Her heart broke a little. She was not sure what she expected, but she would have recognized if it smelled like George’s normal perfume of coal smoke mixed with mud and the well-recognized odor of a man in close proximity. His scent had always set her heartbeat off in a gallop.
But it smelled like paper, washed linen, perhaps a little whiff of iron-laden ink or the lavender-scented drying sand.
She ripped open the note too fast, causing the paper to tear.
Bother.
In his large handwriting, she read:
Madam, please do me the honor of being my guest at a banquet Friday next. The location will be at the Thames Tunnel. Unless I hear otherwise, my carriage will arrive on your doorstep at five o’clock. If you wish decline, I will understand. Let Fitzy deliver your regrets.
You have my deepest regards,
Geo. Drexel
What a curious invitation, moreover, an equally curious site for a banquet. Did the bear plan to roast the rabbit at the tunnel? Any further thoughts were interrupted by a thumping commotion descending the stairs.
“What ho?” Fitzy said, reaching the bottom and immediately leaning over the letter in her hand until his nose hovered inches away.
She whipped the invitation behind her back. “If you must know, it is private correspondence and none of your business.”
“That’s a gammon. It’s from George; I can tell. Did he mention me? Does he need my assistance?”
She reached out with one hand and tousled his hair. “No, it’s an invitation to dine.”
“I told you before, don’t touch my hair. I’ve grown up now. I hope you’re going to accept his invitation.” He tilted his head in a quizzing manner, perhaps suspicious of her ability to restore the relationship between them.
“Should I?”
“What’s stopping you?” He pulled an apple out of his pocket and took a bite with a loud crunch. Juice covered his cheeks, so he wiped them with his sleeve.
She frowned. “Have you forgotten?
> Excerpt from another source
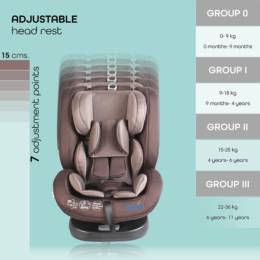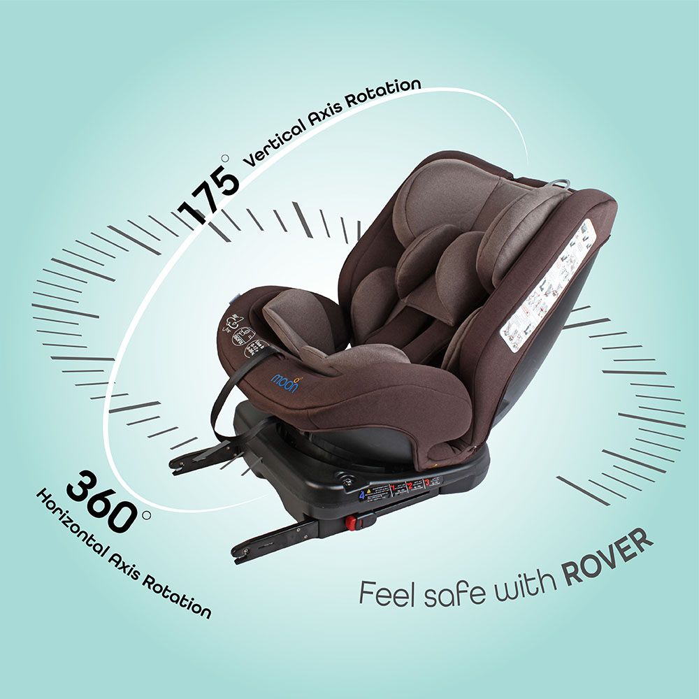 - Premium-Quality Build: Made up to the highest standards, the MOON Rover car seat for infants and toddlers is EN Certified. Its 4 recline positions (3 forward-facing and 1 rear-facing) helps keep your child comfy. The baby is secured using the seat belts already in the car
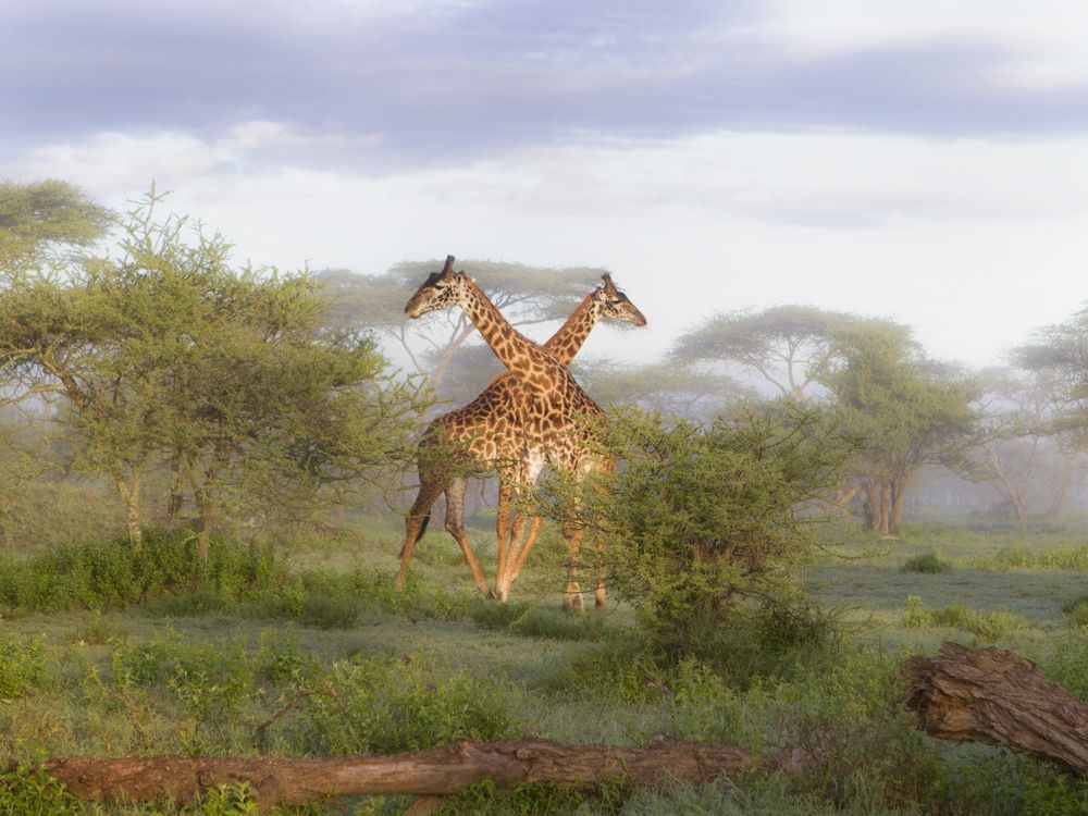 After an early morning rainstorm in the Serengeti, the sun broke through the clouds and lit up these two giraffes amongst the Acacia trees.

He blames me for the publication of
The Ladies’ Field Guide to London’s Rakes
.”
Upon the sudden realization that he flaunted the house rules about eating, he whipped the apple behind his back. “Oh pooh. George has forgotten that, I can tell you. Every time I pay a call he asks about your health. Besides, if he was irrevocably angry with you, why would he invite you to dinner?”
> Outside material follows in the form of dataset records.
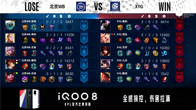 2分01秒,北京WB嬴政击杀越塔的鲁班七号拿下一血。2分40秒,北京WB控下暴君。4分32秒, XYG破掉北京WB下一塔。5分35秒,中路团,双方1换1。6分35秒,北京WB破掉XYG中一塔。7分25秒,北京WB破掉XYG上一塔。7分58秒,XYG越塔击杀马超,随后破掉北京WB上二塔。9分45秒,XYG控下先知主宰。10分钟,中路团,双方团,北京WB打出2换3,马超拿下双杀。11分39秒,A掉控下暗影暴君,随后北京WB马超破掉XYG上二塔。13分23秒,XYG控下暗影主宰。15分45秒,XYG破掉北京WB下二塔。16分17秒,XYG姜子牙大闪抢到暗影暴君,随后双方团战1换1。17分01秒,XYG破掉北京WB中一塔。17分45秒,XYG控下暗影主宰。16分10秒,XYG击杀马超。16分42秒,XYG上路包抄击杀北京WB下路双人组。19分25秒,XYG破掉北京WB上高地及中二塔。20分20秒,中路团,北京WB打出1换2。20分57秒,北京WB控下风暴龙王,团战打出0换2并破掉XYG中高地。21分35秒,北京WB团灭对手后摧毁XYG水晶扳回一城。
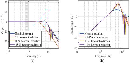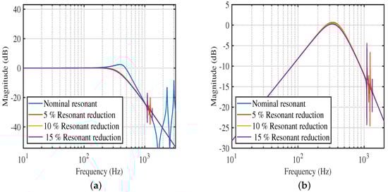 (a) Closed-loop magnitude response under resonant frequency changes for PVPF scheme; (b) Disturbance rejection profile for various resonant frequency changes for PVPF scheme.
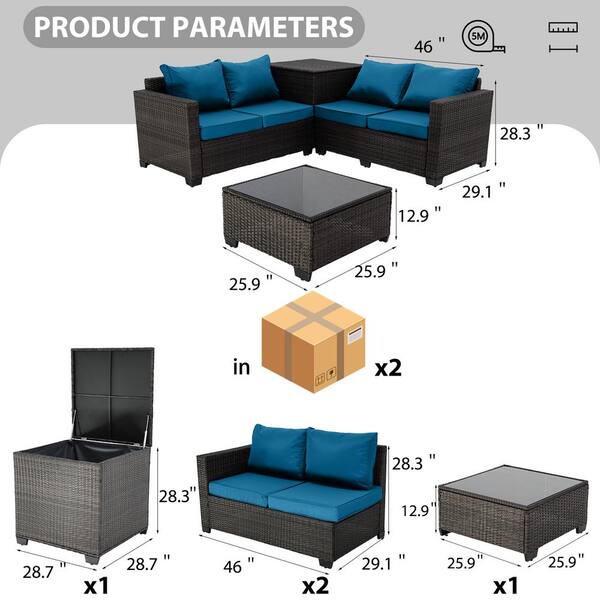 4-Piece Brown Wicker Patio Outdoor Sectional Sofa Set with Peacock blue Cushions and 1-Coffee Table
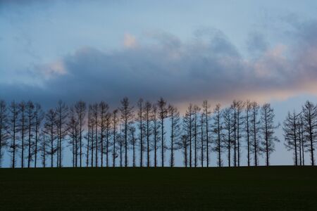 Spring sunset sky and larch trees in Biei

The first words that came to mind were
a dressing-down
. She feared a scene similar to their last encounter. Still, he did send her the dinner invitation. “Perhaps you are right. Are you visiting the Drexels soon?”
“Tomorrow. I’m putting the finishing touches on a plaster cast I’m making for Mr. Drexel and his wife. I must admit it is not my best work. I may have to cast it again.”
“Then it will be better the next time, I promise. But before you leave, I will give you a short note accepting his kind offer to dine.”
“Yes, yes, capital.” He started to run toward the schoolroom.
“Slow down! For heaven’s sake. We don’t want another chandelier accident.”
He slid to a stop and furtively looked up. Then he slowly walked out of the room.
That evening in her bedroom, it took Meta over an hour to write three simple lines. She inquired about the well-being of his family, thanked him for the invitation, and communicated her delight in attending the celebration at the tunnel.
Hours later, she ended the evening by a thorough wardrobe inventory.
What is the appropriate dress for a banquet held at the tunnel?
She had no idea where the tables might be placed. Would it be held outside under a canopy, nearby in rooms at the church, or in the tunnel itself?
Early the next morning, she visited her modiste and ordered a new bronze silk gown, an elegant design with only a few frills on the sleeves and no train. If the banquet was to be held outside the tunnel, a train might be ruined by water and mud. By the end of the day, she had purchased a completely new outfit, the gown and lovely kid shoes instead of silk ones, also to defend against water. Her final purchase was a simple turban of rich claret-colored silk.